In your copy, include no images and return each entry exactly as written.

Record extracts:
--- --- ---

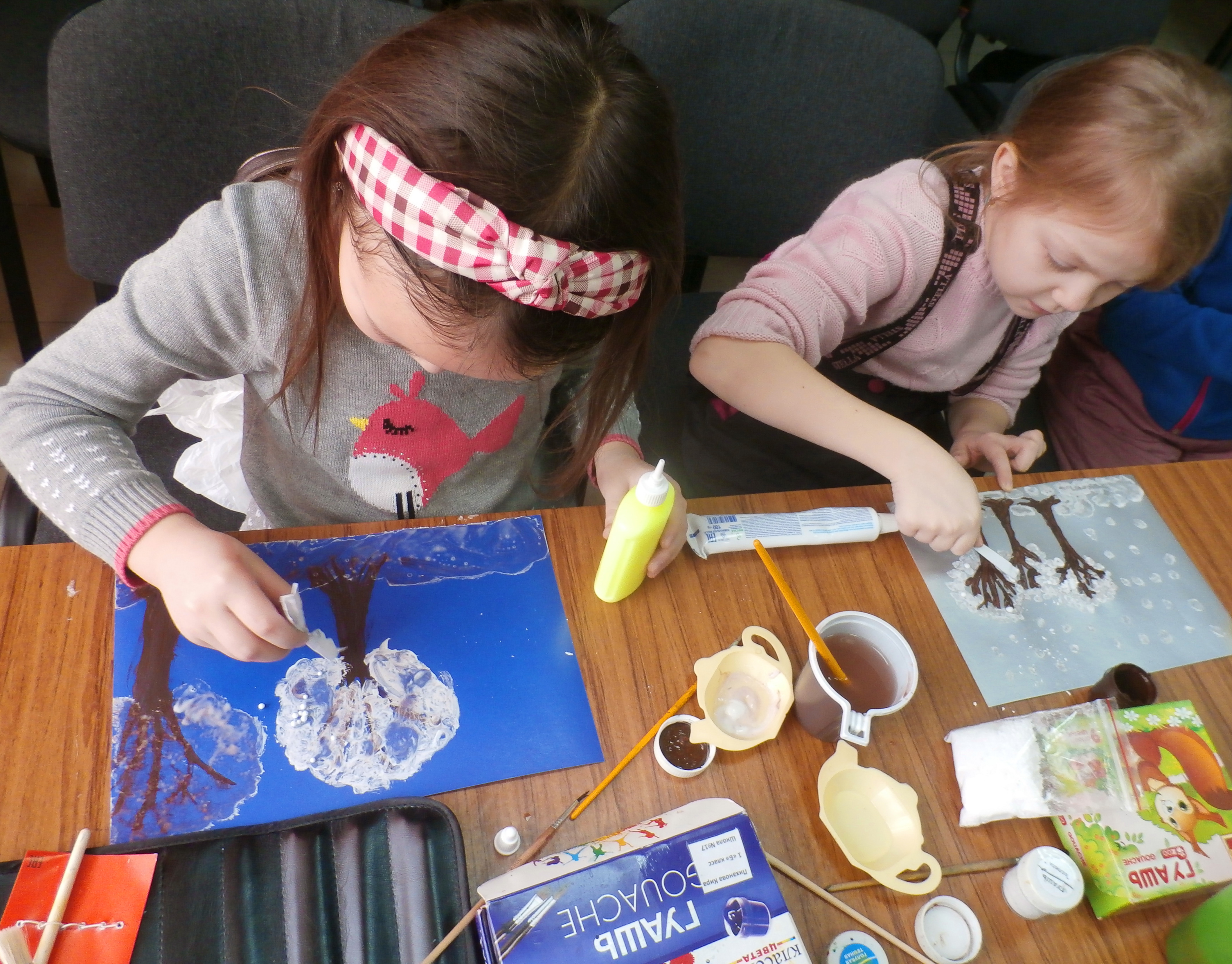 После знакомства с картинами наши маленькие соседи, как всегда, творили. Нетрадиционное рисование зимы зубной пастой доставило им большое удовольствие.
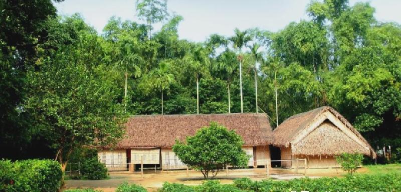 胡志明故居是一座果树葱郁院落,院内座西朝东是三间住房,住房左侧是一间厨房,住房和厨房均为木柱、板窗和茅草顶的简陋茅屋。
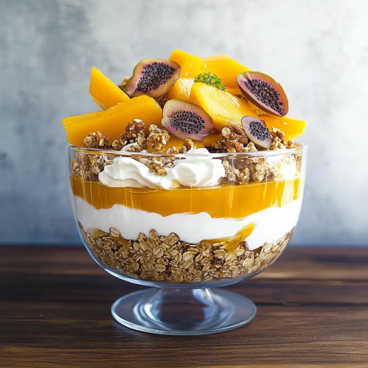 Take your fresh fruits—peel and slice the ripe mango and papaya into bite-sized pieces. Cut the passionfruit in half and scoop out the seeds. If using dragon fruit, slice into wedges or rounds for added color. Arrange the prepared fruits on a plate, ensuring a vibrant display that will enhance your Breakfast Trifle’s visual appeal.
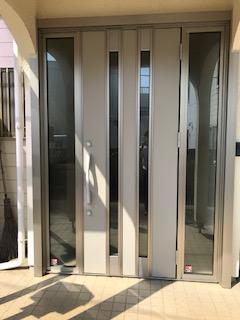 欄間を無くしたのでドアが大きくなりました。LIXIL「リシェント」を採用、外壁を傷つけないカバー工法で1日で工事が出来ます。
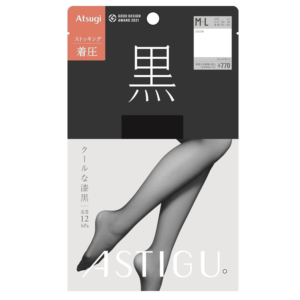 漆黒の陰影が美しい。より引き締まった印象の黒。足首12hPa着圧設計。漆黒の糸を使用し、深みのあるモードな黒を表現。パンティ部がよく伸びズレにくい。補強トウ。静電防止加工。足形セット。UV対策成分配合。オリジナルバックマーク付。
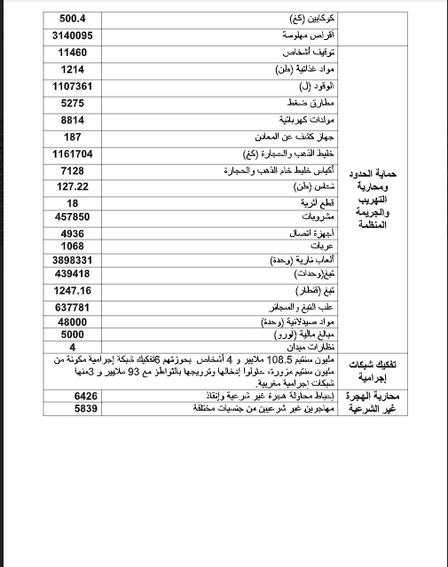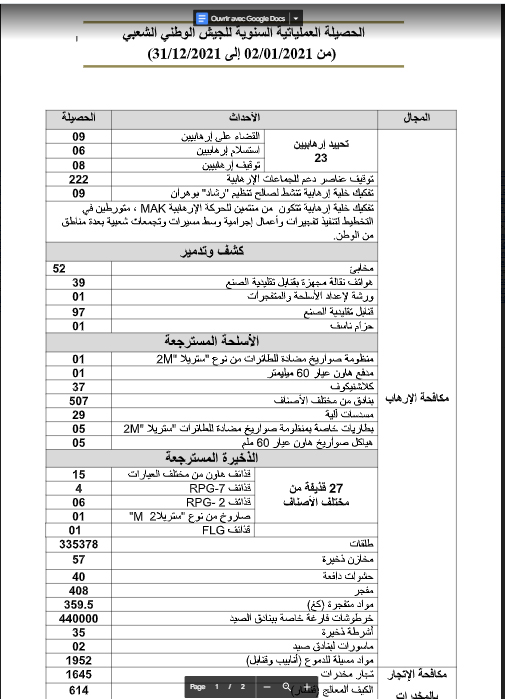 ويظهر الجدول المرفق الحصيلة العملياتية السنوية للجيش الوطني الشعبي:
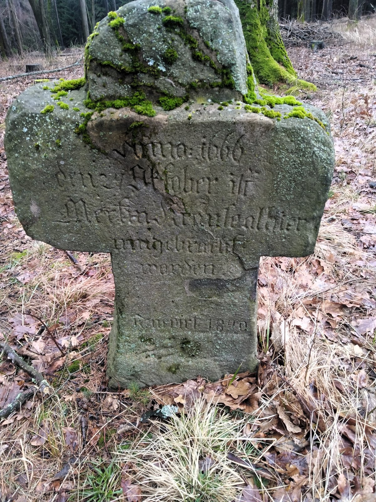 350 let starý smírčí kříž byl nedávno při kácení stromů poničen. Následně byl slepen do původní podoby.
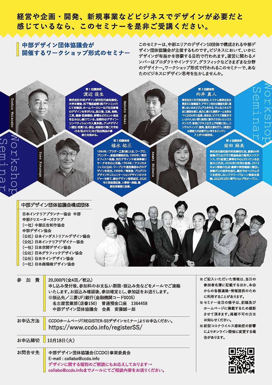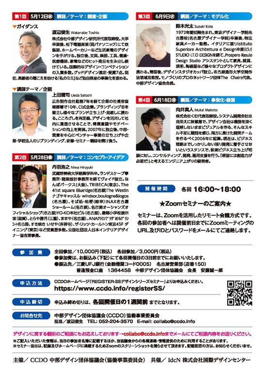 中部デザイン団体協議会(CCDO)が主催します「デザインシリーズセミナー」を本年も下記要領にて、開催する運びとなりました。
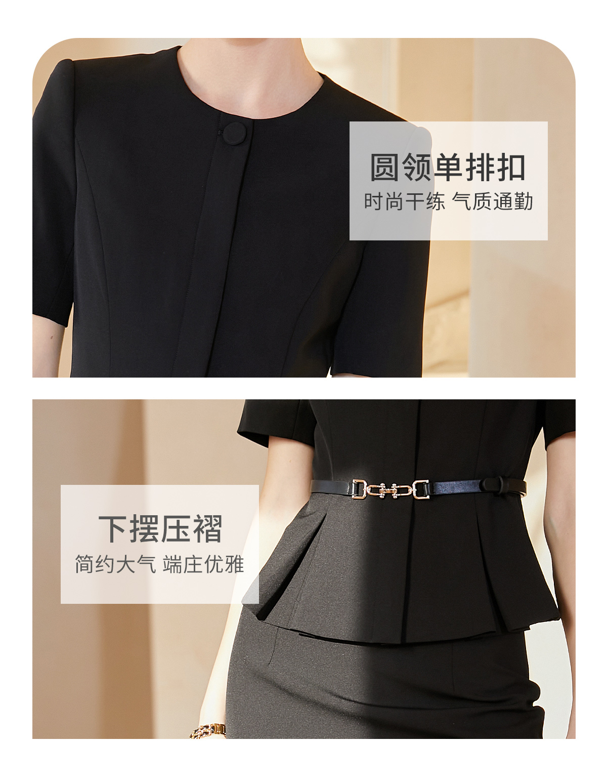 AD韩版名媛范套装女时尚气质两件套黑色正装高级感职业装工作服夏
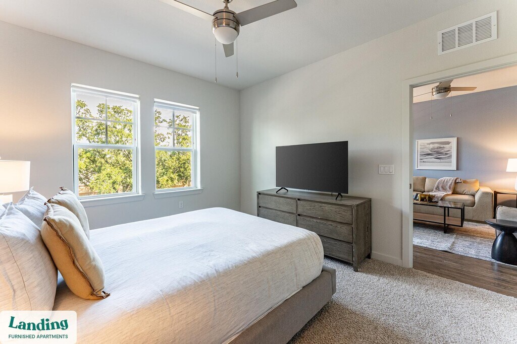 Landing offers flexible lease terms from weeks to months. Please always visit our website or contact us for the latest pricing & availability. Stay longer, save more: 6-Month Minimum base rent: starts at $1710/mo 12-Month Minimum base rent: starts at $1810/mo Landing offers flexible leases across a network of over 35,000 fully-furnished apartments throughout 375+ cities so you can rent on your terms, practically anywhere, and avoid the hassle of paying deposits or application fees. Visit to learn about all the benefits of a Landing membership, see our competitive up-to-date pricing, explore available apartments, take virtual tours, and make reservations online without jumping through traditional rental hoops. Landing's apartments at Solaris at Kissimmee are designed for comfortable, easy living, with the ability to stay as long as you like. Experience living with Landing Every apartment is outfitted with all the modern essentials including: custom-designed furnishings, a fully-equipped kitchen with deluxe stainless steel appliances, a gourmet coffee maker, premium linens, Smart TVs, and incredibly fast, reliable internet for working from home. When you live with Landing, you'll enjoy a hassle-free experience with the added benefit of 24/7 access to our dedicated member experience team. Some of the nitty-gritty: a background check and proof of income are required; we're completely smoke-free; bundled utility packages and pricing vary based on length of stay; pet-friendly options available; listed price reflects a 12-month minimum stay.

--- --- ---

Completed task:
 После знакомства с картинами наши маленькие соседи, как всегда, творили. Нетрадиционное рисование зимы зубной пастой доставило им большое удовольствие.
 胡志明故居是一座果树葱郁院落,院内座西朝东是三间住房,住房左侧是一间厨房,住房和厨房均为木柱、板窗和茅草顶的简陋茅屋。
 Take your fresh fruits—peel and slice the ripe mango and papaya into bite-sized pieces. Cut the passionfruit in half and scoop out the seeds. If using dragon fruit, slice into wedges or rounds for added color. Arrange the prepared fruits on a plate, ensuring a vibrant display that will enhance your Breakfast Trifle’s visual appeal.
 欄間を無くしたのでドアが大きくなりました。LIXIL「リシェント」を採用、外壁を傷つけないカバー工法で1日で工事が出来ます。
 漆黒の陰影が美しい。より引き締まった印象の黒。足首12hPa着圧設計。漆黒の糸を使用し、深みのあるモードな黒を表現。パンティ部がよく伸びズレにくい。補強トウ。静電防止加工。足形セット。UV対策成分配合。オリジナルバックマーク付。
 ويظهر الجدول المرفق الحصيلة العملياتية السنوية للجيش الوطني الشعبي:
 350 let starý smírčí kříž byl nedávno při kácení stromů poničen. Následně byl slepen do původní podoby.
 中部デザイン団体協議会(CCDO)が主催します「デザインシリーズセミナー」を本年も下記要領にて、開催する運びとなりました。
 AD韩版名媛范套装女时尚气质两件套黑色正装高级感职业装工作服夏
 Landing offers flexible lease terms from weeks to months. Please always visit our website or contact us for the latest pricing & availability. Stay longer, save more: 6-Month Minimum base rent: starts at $1710/mo 12-Month Minimum base rent: starts at $1810/mo Landing offers flexible leases across a network of over 35,000 fully-furnished apartments throughout 375+ cities so you can rent on your terms, practically anywhere, and avoid the hassle of paying deposits or application fees. Visit to learn about all the benefits of a Landing membership, see our competitive up-to-date pricing, explore available apartments, take virtual tours, and make reservations online without jumping through traditional rental hoops. Landing's apartments at Solaris at Kissimmee are designed for comfortable, easy living, with the ability to stay as long as you like. Experience living with Landing Every apartment is outfitted with all the modern essentials including: custom-designed furnishings, a fully-equipped kitchen with deluxe stainless steel appliances, a gourmet coffee maker, premium linens, Smart TVs, and incredibly fast, reliable internet for working from home. When you live with Landing, you'll enjoy a hassle-free experience with the added benefit of 24/7 access to our dedicated member experience team. Some of the nitty-gritty: a background check and proof of income are required; we're completely smoke-free; bundled utility packages and pricing vary based on length of stay; pet-friendly options available; listed price reflects a 12-month minimum stay.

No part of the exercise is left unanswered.